> _What to do_: Could you restate the entries word for word, without the images?

====

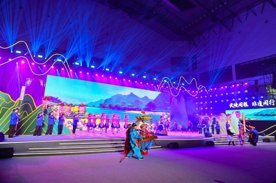 群舞《薅呀薅呀薅》、土家族打溜子《雄雞爭(zhēng)艷》等節(jié)目,以獨(dú)特的民族舞蹈和打擊樂(lè),展現(xiàn)了別具一格的魅力;苗族民歌《嬌阿依》、地花鼓《打扮小郎一支花》等節(jié)目,掀起了最炫民族風(fēng);南劇《唐崖土司夫人》片段等節(jié)目,體現(xiàn)了武陵山區(qū)的深厚藝術(shù)底蘊(yùn)。來(lái)自宜昌、恩施、湘西和重慶等地的演員們,更是聯(lián)手獻(xiàn)上了《日子越過(guò)越敞亮》,展現(xiàn)出武陵山區(qū)各民族同根同源、文化交融的深厚情感,以及勾勒出這片土地上繁榮興旺、和諧共生的美好畫(huà)卷。
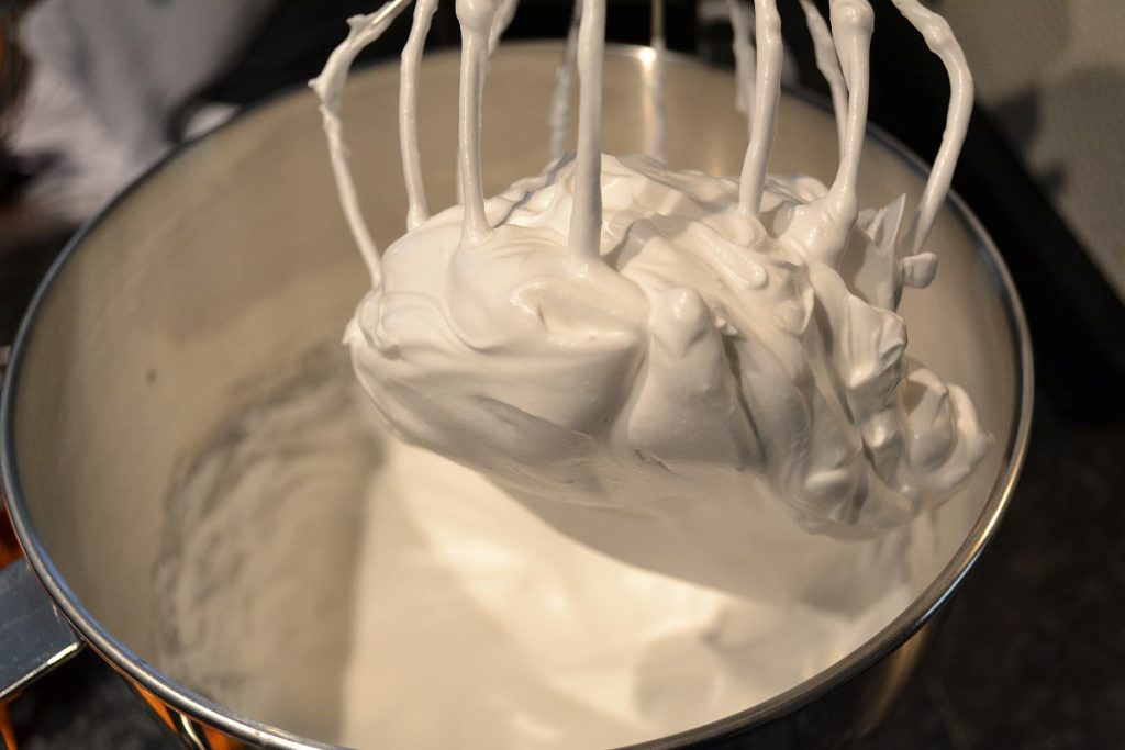 - Blijf kloppen tot de room duidelijk dikker wordt en zachte pieken vormt (de uiteinden van de mixer laten duidelijke patronen achter op het oppervlak, maar blijven nog niet stijf staan).
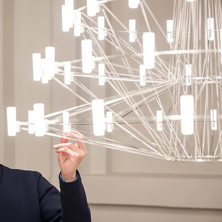The Sky Ballet Chandelier is a beautiful lighting fixture crafted from stainless steel and acrylic. Its classic design adds a touch of elegance to any space, while its airy structure still allows ample light to flow for luminous ambience. Enjoy a unique statement piece in any room.
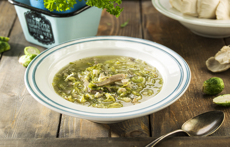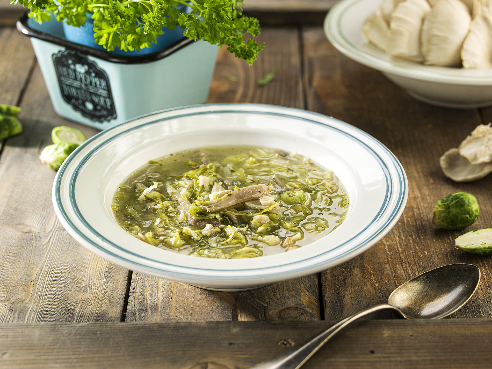 Kel zalejeme vodou, pridáme na plátky nakrájané čerstvé huby, dochutíme soľou, korením a drvenou rascou. Polievku varíme asi 30 minút.
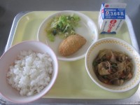 本日の給食メニューは、「サワラの味噌マヨネーズ焼き ひじきと大豆の炒め煮 だまこ汁 自校米飯 牛乳」でした。
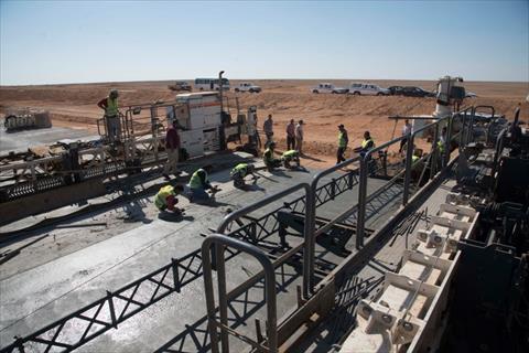 واضاف أن الطريق بعرض 3 حارات باجمالي 11.25م، وبسمك 56 سم مع استخدام الياف البوليمار لتزيد صلابة الخرسانة وتحمل الحملات الثقيلة ويعمل بكل قطاع ماكينتي خلاطة مع وجود استشاريين لمتابعة والاشراف الفنى على الأعمال وفق المواصفات الفنية.
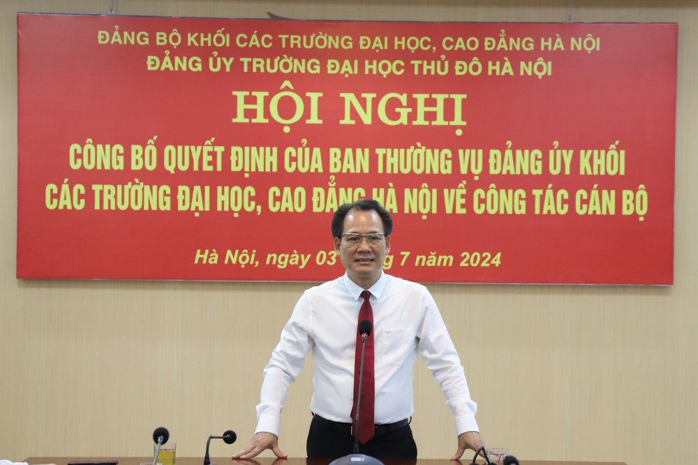 Tại Hội nghị, đồng chí Nguyễn Thanh Sơn, Bí thư Đảng ủy Khối các trường Đại học, Cao đẳng Hà Nộ đã trao quyết định của Ban thường vụ Đảng ủy Khối chỉ định đồng chí Nguyễn Anh Tuấn, Chủ tịch Hội đồng trường Trường Đại học Thủ đô Hà Nội giữ chức vụ Phó Bí thư Đảng ủy Nhà trường, đồng thời gửi lời chúc mừng tới cá nhân đồng chí Nguyễn Anh Tuấn cũng như tập thể Đảng ủy Nhà trường. Đồng chí Nguyễn Thanh Sơn nhận định, trong thời gian tới, Trường Đại học Thủ đô Hà Nội cần gắn liền quá trình tự chủ đại học với hoạt động quản trị đại học. Do đó, sự lãnh đạo của Đảng ủy, sự phối kết hợp giữa Hội đồng trường và Ban Giám hiệu Nhà trường giữ một vai trò hết sức quan trọng. Đồng chí Nguyễn Thanh Sơn tin tưởng, với quá trình học tập, rèn luyện, trưởng thành, trải qua nhiều lĩnh vực công tác, đồng chí Nguyễn Anh Tuấn trên cương vị Phó Bí thư Đảng ủy Trường Đại học Thủ đô Hà Nội sẽ tiếp tục nỗ lực phấn đấu, hoàn thành tốt nhiệm vụ được tổ chức phân công.
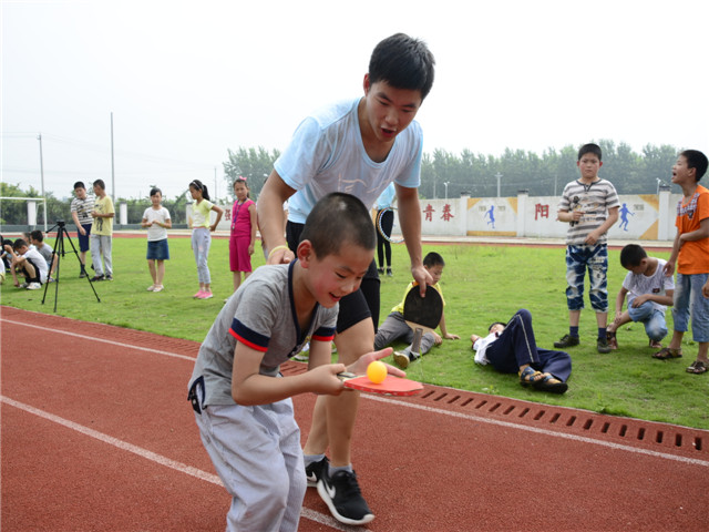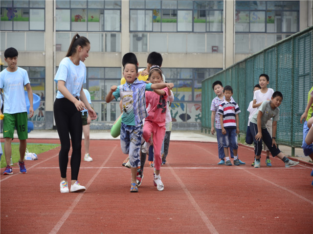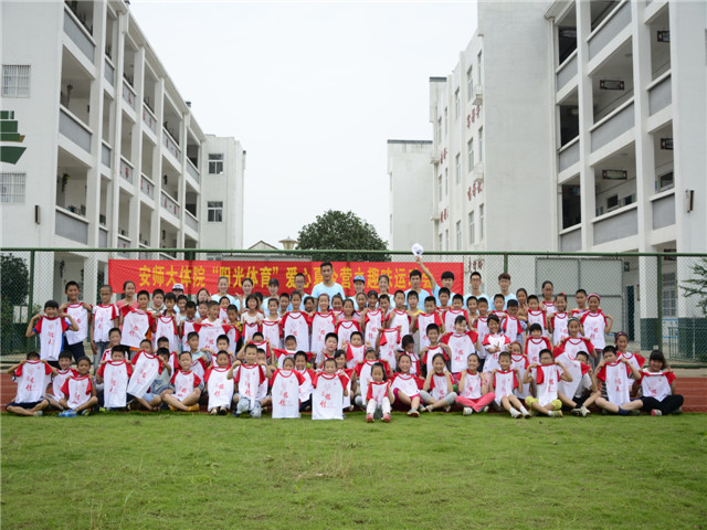 连续多天的阴雨天气终于趋向晴朗!夏日的阳光撒向铭传的每一个角落,拂去了阴雨天的阴霾。在这样的好天气里,7月11日上午九点,安师大英国正版365官方网站赴合肥市肥西县铭传乡中心学校“阳光体育”爱心夏令营团队为孩子们开展了一场趣味运动会,让阳光体育充满校园。
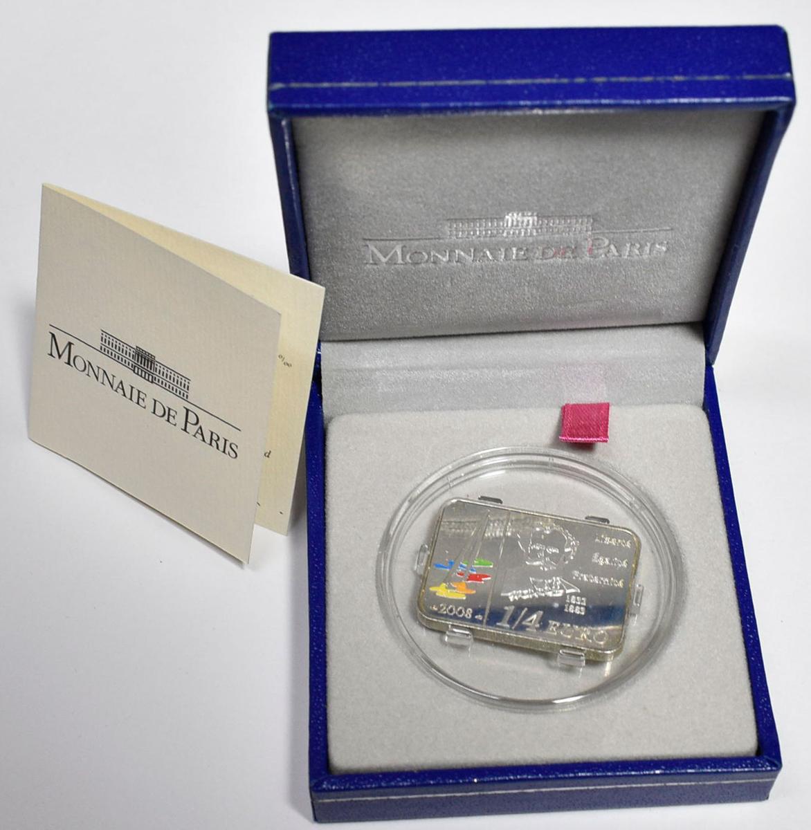 FRANCIA. 1/4 Euro (Ar. 15,00g/30mm). Moneda rectangular. 2008. Monnaie de Paris. Edouard Manet. PROOF. 10.000 unidades. Incluye estuche original y certificado de autenticidad.
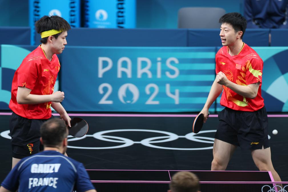 8月8日,中國(guó)組合馬龍(右)/王楚欽在比賽中。新華社記者 劉續(xù) 攝
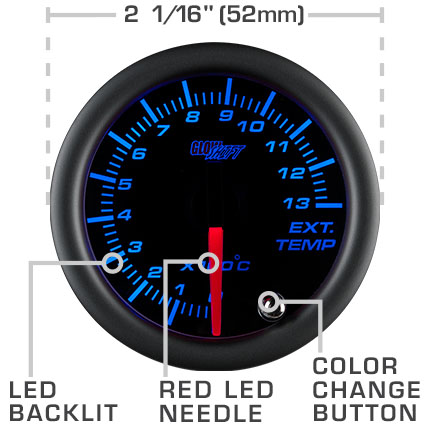 The illuminated red needles that this gauge is equipped with sweep 270° and are powered by stepper motor technology, giving you an effective combination of incredibly precise gauge readings and extremely smooth needle movement. GlowShift’s 7 Color through dial lighting system allows you to select and change the color of your gauge lighting display by simply pressing the button located on the front of the gauge. |
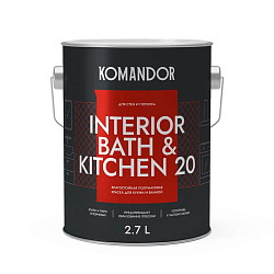 Краска интерьерная влагостойкая Komandor Interior Bath&Kitchen 20, полуматовая, база А, белая, 2,7 л
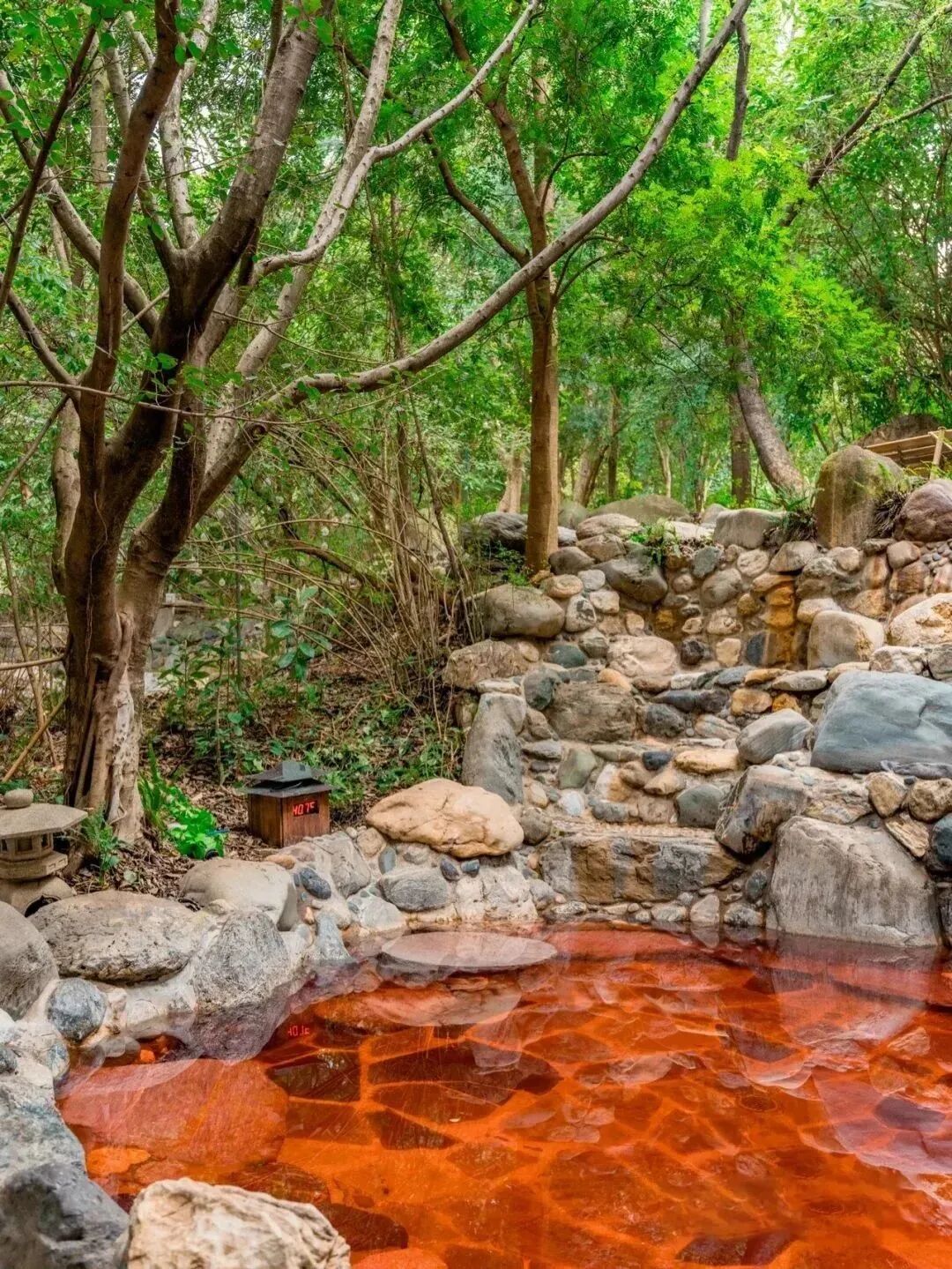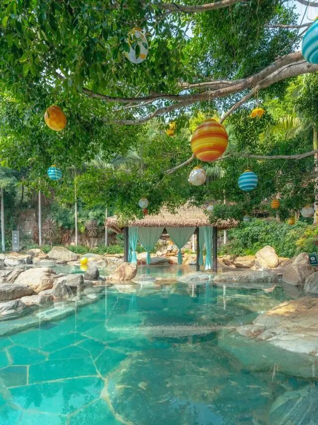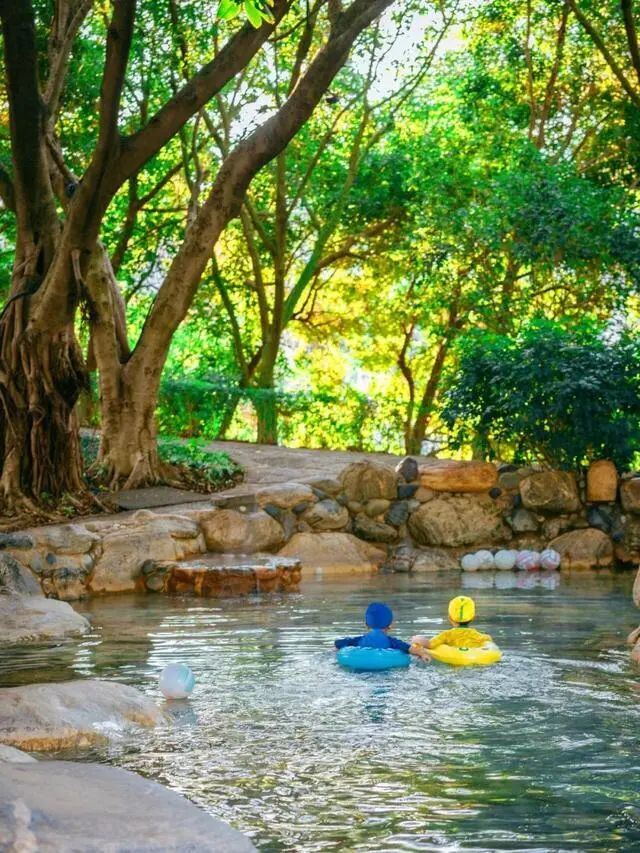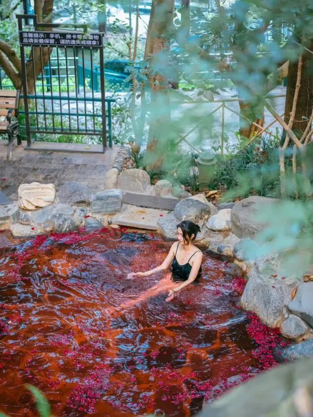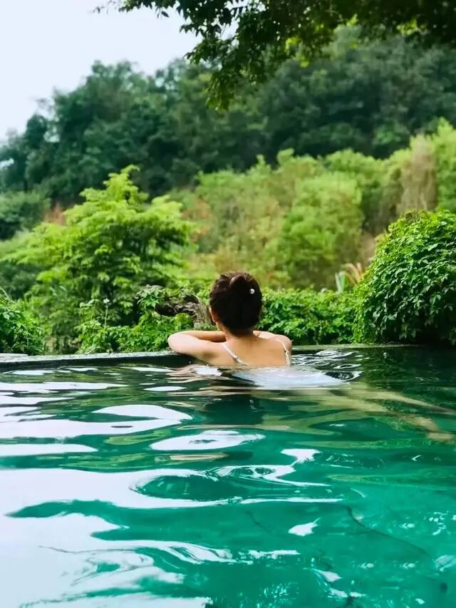 躺进温温热热的泉水之间,抬眼便是葱葱茏茏的林木环抱,一呼一吸间透着满满的清新。
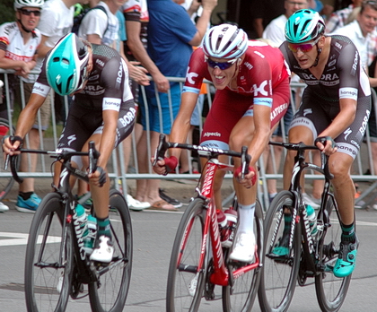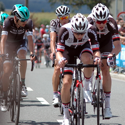 Emanuel Buchmann (links) hatte die "Sunweb-Leute" immer im Blick, um ihre Attacken zu egalisieren. Hinter Emanuel fuhr das spätere Sieger des Rennens Marcus Burghardt (verdeckt).
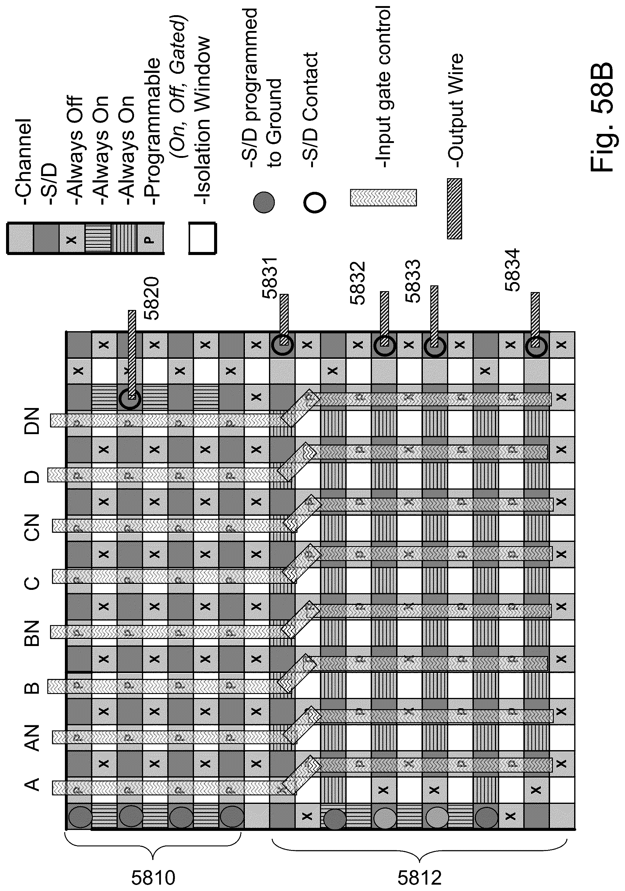 [0320]FIG. 58B illustrates the structure after adding the gate control of the inputs (A, AN, B, BN, C, CN, D, DN) so the upper portion 5810 provides the 4 NAND function AND together to the programmable NAND-Out 5820, and lower portion 5812 provides the 4 AND terms forming 4 outputs first output 15831, second output 5832, third output 5833, and fourth output 5834. These outputs may then be connected to half latch 5844 as illustrated in FIG. 58C to construct a 0/1 logic output 5846. The broken line 5840 indicate the transition from the Checker Board fabric of the NAND product output Q 5842 and the 4 AND outputs (QN1, QN2, QN3, QN4), 5845. The 4 AND outputs are connected to the gates of 4 serially connected transistors so if they are all ‘zero’ than first transistor 5852 of the half latch will turn on forcing the half latch to output 5846 a one value. This will occur in the case that the AND side product outputs a high impedance and accordingly the other transistor of the half latch second transistor 5851 would be turned off.

====

> _Reply to the exercise_:
 群舞《薅呀薅呀薅》、土家族打溜子《雄雞爭(zhēng)艷》等節(jié)目,以獨(dú)特的民族舞蹈和打擊樂(lè),展現(xiàn)了別具一格的魅力;苗族民歌《嬌阿依》、地花鼓《打扮小郎一支花》等節(jié)目,掀起了最炫民族風(fēng);南劇《唐崖土司夫人》片段等節(jié)目,體現(xiàn)了武陵山區(qū)的深厚藝術(shù)底蘊(yùn)。來(lái)自宜昌、恩施、湘西和重慶等地的演員們,更是聯(lián)手獻(xiàn)上了《日子越過(guò)越敞亮》,展現(xiàn)出武陵山區(qū)各民族同根同源、文化交融的深厚情感,以及勾勒出這片土地上繁榮興旺、和諧共生的美好畫(huà)卷。
 - Blijf kloppen tot de room duidelijk dikker wordt en zachte pieken vormt (de uiteinden van de mixer laten duidelijke patronen achter op het oppervlak, maar blijven nog niet stijf staan).
The Sky Ballet Chandelier is a beautiful lighting fixture crafted from stainless steel and acrylic. Its classic design adds a touch of elegance to any space, while its airy structure still allows ample light to flow for luminous ambience. Enjoy a unique statement piece in any room.
 Kel zalejeme vodou, pridáme na plátky nakrájané čerstvé huby, dochutíme soľou, korením a drvenou rascou. Polievku varíme asi 30 minút.
 本日の給食メニューは、「サワラの味噌マヨネーズ焼き ひじきと大豆の炒め煮 だまこ汁 自校米飯 牛乳」でした。
 واضاف أن الطريق بعرض 3 حارات باجمالي 11.25م، وبسمك 56 سم مع استخدام الياف البوليمار لتزيد صلابة الخرسانة وتحمل الحملات الثقيلة ويعمل بكل قطاع ماكينتي خلاطة مع وجود استشاريين لمتابعة والاشراف الفنى على الأعمال وفق المواصفات الفنية.
 Tại Hội nghị, đồng chí Nguyễn Thanh Sơn, Bí thư Đảng ủy Khối các trường Đại học, Cao đẳng Hà Nộ đã trao quyết định của Ban thường vụ Đảng ủy Khối chỉ định đồng chí Nguyễn Anh Tuấn, Chủ tịch Hội đồng trường Trường Đại học Thủ đô Hà Nội giữ chức vụ Phó Bí thư Đảng ủy Nhà trường, đồng thời gửi lời chúc mừng tới cá nhân đồng chí Nguyễn Anh Tuấn cũng như tập thể Đảng ủy Nhà trường. Đồng chí Nguyễn Thanh Sơn nhận định, trong thời gian tới, Trường Đại học Thủ đô Hà Nội cần gắn liền quá trình tự chủ đại học với hoạt động quản trị đại học. Do đó, sự lãnh đạo của Đảng ủy, sự phối kết hợp giữa Hội đồng trường và Ban Giám hiệu Nhà trường giữ một vai trò hết sức quan trọng. Đồng chí Nguyễn Thanh Sơn tin tưởng, với quá trình học tập, rèn luyện, trưởng thành, trải qua nhiều lĩnh vực công tác, đồng chí Nguyễn Anh Tuấn trên cương vị Phó Bí thư Đảng ủy Trường Đại học Thủ đô Hà Nội sẽ tiếp tục nỗ lực phấn đấu, hoàn thành tốt nhiệm vụ được tổ chức phân công.
 连续多天的阴雨天气终于趋向晴朗!夏日的阳光撒向铭传的每一个角落,拂去了阴雨天的阴霾。在这样的好天气里,7月11日上午九点,安师大英国正版365官方网站赴合肥市肥西县铭传乡中心学校“阳光体育”爱心夏令营团队为孩子们开展了一场趣味运动会,让阳光体育充满校园。
 FRANCIA. 1/4 Euro (Ar. 15,00g/30mm). Moneda rectangular. 2008. Monnaie de Paris. Edouard Manet. PROOF. 10.000 unidades. Incluye estuche original y certificado de autenticidad.
 8月8日,中國(guó)組合馬龍(右)/王楚欽在比賽中。新華社記者 劉續(xù) 攝
 The illuminated red needles that this gauge is equipped with sweep 270° and are powered by stepper motor technology, giving you an effective combination of incredibly precise gauge readings and extremely smooth needle movement. GlowShift’s 7 Color through dial lighting system allows you to select and change the color of your gauge lighting display by simply pressing the button located on the front of the gauge. |
 Краска интерьерная влагостойкая Komandor Interior Bath&Kitchen 20, полуматовая, база А, белая, 2,7 л
 躺进温温热热的泉水之间,抬眼便是葱葱茏茏的林木环抱,一呼一吸间透着满满的清新。
 Emanuel Buchmann (links) hatte die "Sunweb-Leute" immer im Blick, um ihre Attacken zu egalisieren. Hinter Emanuel fuhr das spätere Sieger des Rennens Marcus Burghardt (verdeckt).
 [0320]FIG. 58B illustrates the structure after adding the gate control of the inputs (A, AN, B, BN, C, CN, D, DN) so the upper portion 5810 provides the 4 NAND function AND together to the programmable NAND-Out 5820, and lower portion 5812 provides the 4 AND terms forming 4 outputs first output 15831, second output 5832, third output 5833, and fourth output 5834. These outputs may then be connected to half latch 5844 as illustrated in FIG. 58C to construct a 0/1 logic output 5846. The broken line 5840 indicate the transition from the Checker Board fabric of the NAND product output Q 5842 and the 4 AND outputs (QN1, QN2, QN3, QN4), 5845. The 4 AND outputs are connected to the gates of 4 serially connected transistors so if they are all ‘zero’ than first transistor 5852 of the half latch will turn on forcing the half latch to output 5846 a one value. This will occur in the case that the AND side product outputs a high impedance and accordingly the other transistor of the half latch second transistor 5851 would be turned off.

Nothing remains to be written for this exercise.